The Canadian Char Davies had exhibited from August 19th to October lst at the Musée d'Art Contemporain de Montréal, a virtual reality creation entitled Osmose. It was presented to the public through a double installation, on the one hand the intimate space and experience proposed to the immersed spectator - Char Davies takes the opportunity to suggest the neologism "immersant" - and on the other hand the larger space for the public. We know that in virtual reality matters, the spectators waiting to "take command" exceed the number of those who will effectively have access. Therefore it is usual to take care of those who are double spectators: the virtual universe in itself and the game the person "in command" makes of it. The installation chosen by Char Davies consisted here of real-time playback of stereoscopic images (made visible through glasses) on a giant screen of what the spectator-actor is seeing him or herself. This installation was doubled by staging the acting-spectator isolated in a contiguous room, as a shadow-silhouette on a screen acting as a dividing wall between the two spaces. Even if this staging worked quite well, the spectator being fitted with a helmet, harness and various cables giving a strange silhouette, the principle remained anecdotal.

Ground level clearing with central tree
courtesy of Softimage

This spectator-actor was equipped with a stereoscopic head mounted display provided with Polemus position trackers and a chest hamess. The special nature of this navigation apparatus resided in the harness that reproduces scuba diving moving conditions: when breathing in, the diver goes up and he/she goes down when they breathes out. Here the harness reproduced the same situation, the remainder of the traveling being managed by orienting the body forward, backward, left or right, transforming the spectator into a big joystick. The latest solution is relatively generally used by authors seeking to reintroduce the use of the body in a communication, particularly mental. It must be acknowledged that it works relatively, and rather leads in the short term to the triggering of cramps: just try to keep leaning forward a few minutes... As for estimating the "diving" hamess, similarly it remains between the elegance of the idea and the difficulties of managing the delay between the desire of navigating in a definite direction and the contengencies of breathing. Of course, it was possible to look in all directions anytime.

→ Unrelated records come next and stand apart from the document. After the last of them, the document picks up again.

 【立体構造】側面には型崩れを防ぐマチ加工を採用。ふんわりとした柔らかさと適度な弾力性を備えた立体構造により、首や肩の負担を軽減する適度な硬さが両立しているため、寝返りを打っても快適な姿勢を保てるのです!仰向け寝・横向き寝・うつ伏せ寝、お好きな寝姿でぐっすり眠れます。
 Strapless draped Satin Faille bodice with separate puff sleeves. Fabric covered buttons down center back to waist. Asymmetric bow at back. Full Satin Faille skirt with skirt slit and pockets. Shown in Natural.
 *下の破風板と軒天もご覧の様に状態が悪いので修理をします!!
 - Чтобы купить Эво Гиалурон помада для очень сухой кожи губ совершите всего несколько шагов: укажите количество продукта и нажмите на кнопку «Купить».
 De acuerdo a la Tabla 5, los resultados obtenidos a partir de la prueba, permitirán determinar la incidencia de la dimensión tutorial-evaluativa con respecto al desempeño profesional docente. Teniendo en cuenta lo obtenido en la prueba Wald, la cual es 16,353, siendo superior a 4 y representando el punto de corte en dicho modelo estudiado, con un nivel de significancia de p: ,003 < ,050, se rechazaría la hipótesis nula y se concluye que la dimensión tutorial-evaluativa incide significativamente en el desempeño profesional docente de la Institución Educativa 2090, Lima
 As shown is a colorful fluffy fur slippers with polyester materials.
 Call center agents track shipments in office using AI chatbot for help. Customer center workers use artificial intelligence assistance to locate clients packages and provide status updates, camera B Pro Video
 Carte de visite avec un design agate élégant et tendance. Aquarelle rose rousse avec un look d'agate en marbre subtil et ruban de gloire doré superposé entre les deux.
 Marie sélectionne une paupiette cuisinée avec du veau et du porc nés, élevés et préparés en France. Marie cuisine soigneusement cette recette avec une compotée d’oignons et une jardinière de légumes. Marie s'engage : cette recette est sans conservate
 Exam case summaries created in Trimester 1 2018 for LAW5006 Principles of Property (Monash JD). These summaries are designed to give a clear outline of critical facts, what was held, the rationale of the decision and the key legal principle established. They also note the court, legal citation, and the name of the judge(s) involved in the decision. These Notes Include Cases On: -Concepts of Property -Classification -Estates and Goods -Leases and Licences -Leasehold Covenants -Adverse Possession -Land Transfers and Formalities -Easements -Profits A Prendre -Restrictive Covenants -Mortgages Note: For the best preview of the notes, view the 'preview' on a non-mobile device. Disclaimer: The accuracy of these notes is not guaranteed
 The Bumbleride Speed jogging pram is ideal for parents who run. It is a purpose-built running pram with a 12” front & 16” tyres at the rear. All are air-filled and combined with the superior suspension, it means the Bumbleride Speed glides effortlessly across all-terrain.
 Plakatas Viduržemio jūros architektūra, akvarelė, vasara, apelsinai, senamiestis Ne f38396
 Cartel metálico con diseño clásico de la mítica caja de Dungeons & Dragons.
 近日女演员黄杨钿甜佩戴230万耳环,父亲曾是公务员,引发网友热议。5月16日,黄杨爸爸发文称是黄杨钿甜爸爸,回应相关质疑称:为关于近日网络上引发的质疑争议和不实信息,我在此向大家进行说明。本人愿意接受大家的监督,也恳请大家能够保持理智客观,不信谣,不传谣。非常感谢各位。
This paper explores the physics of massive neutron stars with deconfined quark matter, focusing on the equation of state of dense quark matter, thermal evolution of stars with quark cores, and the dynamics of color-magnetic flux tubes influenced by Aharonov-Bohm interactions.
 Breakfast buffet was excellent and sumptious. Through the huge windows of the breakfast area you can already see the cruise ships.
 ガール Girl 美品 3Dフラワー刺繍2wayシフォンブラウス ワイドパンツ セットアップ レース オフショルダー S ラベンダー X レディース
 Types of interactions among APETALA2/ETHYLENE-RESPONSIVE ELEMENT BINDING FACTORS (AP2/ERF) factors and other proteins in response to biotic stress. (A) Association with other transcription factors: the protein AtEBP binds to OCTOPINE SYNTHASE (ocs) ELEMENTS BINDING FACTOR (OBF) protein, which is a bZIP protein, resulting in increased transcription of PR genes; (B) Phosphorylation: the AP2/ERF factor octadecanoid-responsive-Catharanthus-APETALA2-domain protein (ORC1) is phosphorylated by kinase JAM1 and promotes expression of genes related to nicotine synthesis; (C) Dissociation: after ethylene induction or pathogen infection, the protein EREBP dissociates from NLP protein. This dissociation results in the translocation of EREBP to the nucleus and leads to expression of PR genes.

To come to the virtual universe itself, it is in fact quite literally a different universe - reality rewritten by Char Davies and the graphic-animator Georges Mauro. The first image the spectator discovers is a kind of large clearing where a stream flows and in the centre sits a hieratic tree with bare branches. When one comes closer and enters into the tangling of its branches, there appears a dense folliage that will disappear from the eyes of the spectator going away. The space of the forest around is a dense underwood inviting one to get lost. The spectator can also get closer to the stream, crossed by little lights which turned out to be fish-fireflies constituted by several dot of lights like constellations. By sinking into the water, different life forms manifest themselves and it is possible to slip into other contiguas spaces like the one of computer code which is in fact the scripts of the Osmose application. At the far end of the dive, a huge waving bubble appears, welcoming a visit. In penetrating it, the spectator finds him or herself back in the beginning scene with the tree and the stream looping the universe on itself. All the spaces show a high formal coherence, playing with transparencies and blue-gray tones. The semi-darkness, shadowy light and lonely ambiance have a very strong poetic power and the desire for dreamily strolling never gives out in one session.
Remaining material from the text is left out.